PROBLEM TO WORK ON
Could you give back exactly the lines below from the one with "Снизу размещается печка/горелка, подключается" through the one with "in nominal orbits'", without a single picture?

RAW DATA
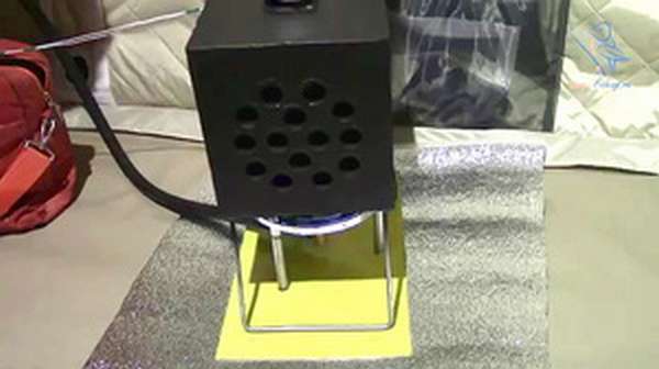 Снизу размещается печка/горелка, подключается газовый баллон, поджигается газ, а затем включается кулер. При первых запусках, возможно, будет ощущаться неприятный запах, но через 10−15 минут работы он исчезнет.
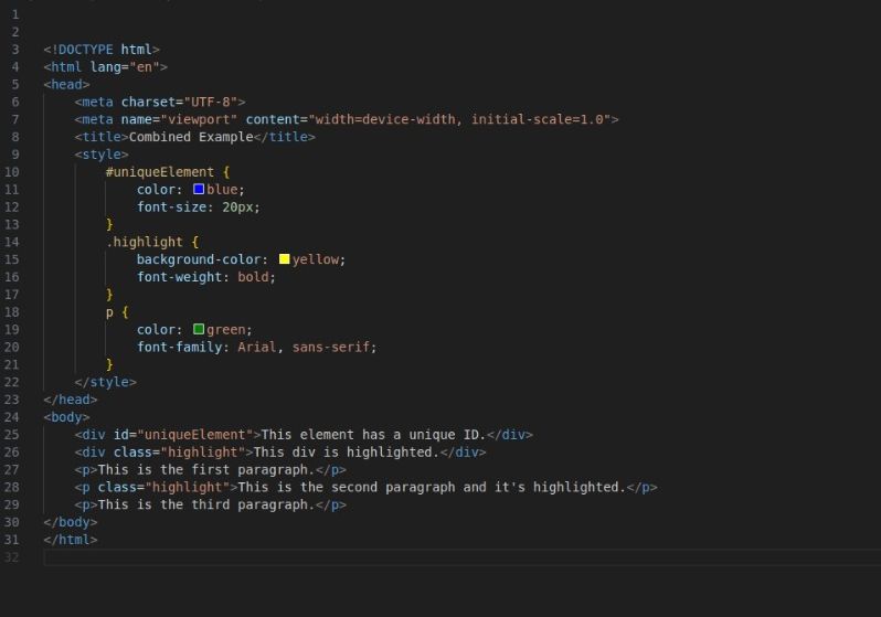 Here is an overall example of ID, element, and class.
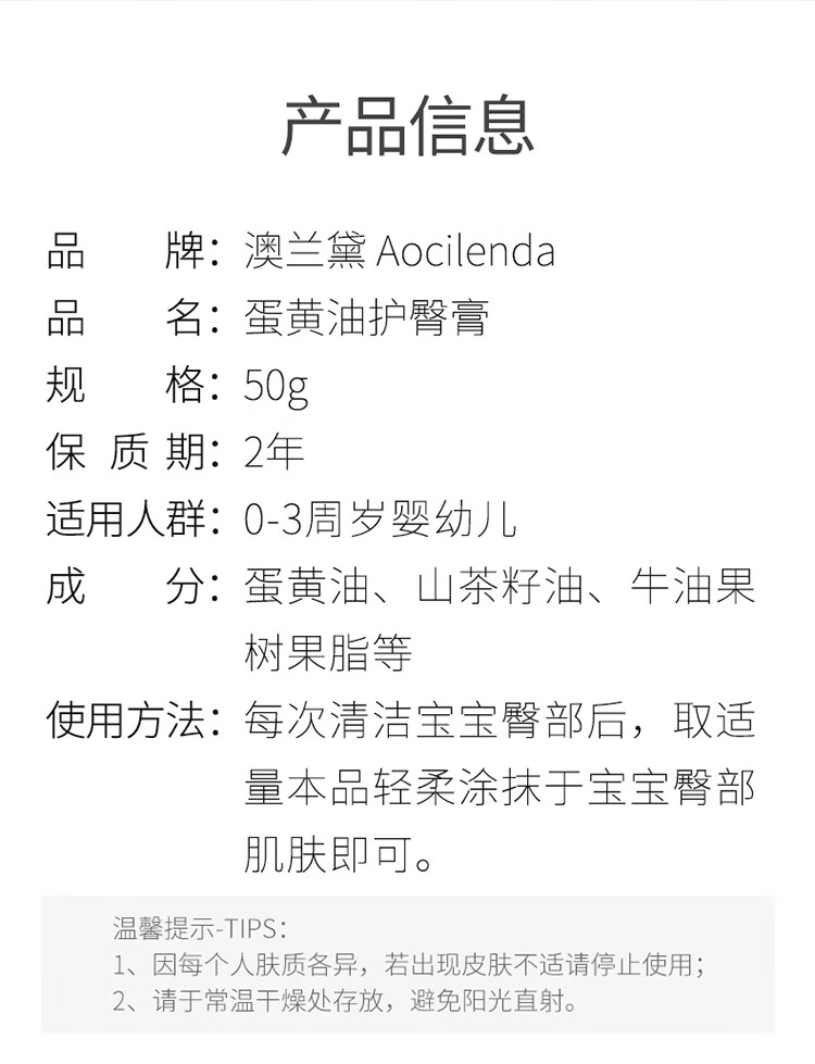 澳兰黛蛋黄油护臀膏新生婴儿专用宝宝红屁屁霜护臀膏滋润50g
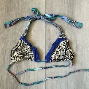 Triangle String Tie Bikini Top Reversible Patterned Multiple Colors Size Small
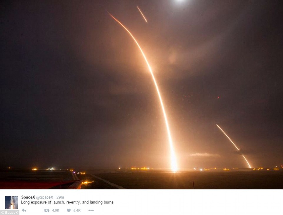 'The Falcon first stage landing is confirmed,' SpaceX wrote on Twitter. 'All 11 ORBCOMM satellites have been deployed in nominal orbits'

--

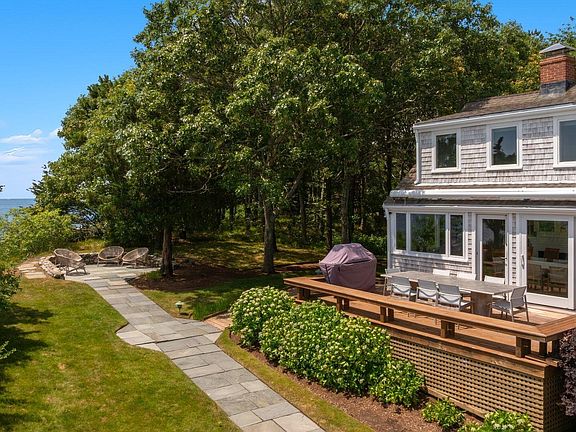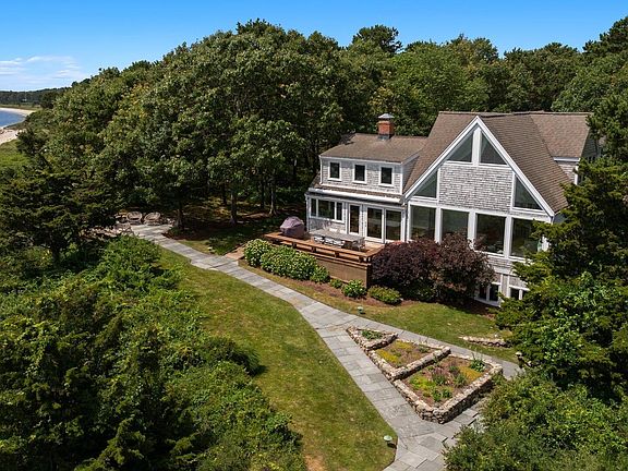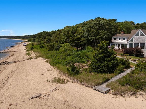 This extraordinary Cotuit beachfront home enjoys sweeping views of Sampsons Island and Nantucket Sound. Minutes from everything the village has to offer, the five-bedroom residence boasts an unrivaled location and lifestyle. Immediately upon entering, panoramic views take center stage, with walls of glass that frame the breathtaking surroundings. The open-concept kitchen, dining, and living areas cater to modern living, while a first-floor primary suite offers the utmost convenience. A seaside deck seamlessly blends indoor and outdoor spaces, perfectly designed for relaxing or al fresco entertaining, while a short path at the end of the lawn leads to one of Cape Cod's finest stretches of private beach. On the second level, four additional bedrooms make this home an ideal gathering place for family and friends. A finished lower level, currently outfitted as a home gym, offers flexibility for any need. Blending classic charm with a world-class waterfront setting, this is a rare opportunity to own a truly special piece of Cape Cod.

ANSWER
 Снизу размещается печка/горелка, подключается газовый баллон, поджигается газ, а затем включается кулер. При первых запусках, возможно, будет ощущаться неприятный запах, но через 10−15 минут работы он исчезнет.
 Here is an overall example of ID, element, and class.
 澳兰黛蛋黄油护臀膏新生婴儿专用宝宝红屁屁霜护臀膏滋润50g
 Triangle String Tie Bikini Top Reversible Patterned Multiple Colors Size Small
 'The Falcon first stage landing is confirmed,' SpaceX wrote on Twitter. 'All 11 ORBCOMM satellites have been deployed in nominal orbits'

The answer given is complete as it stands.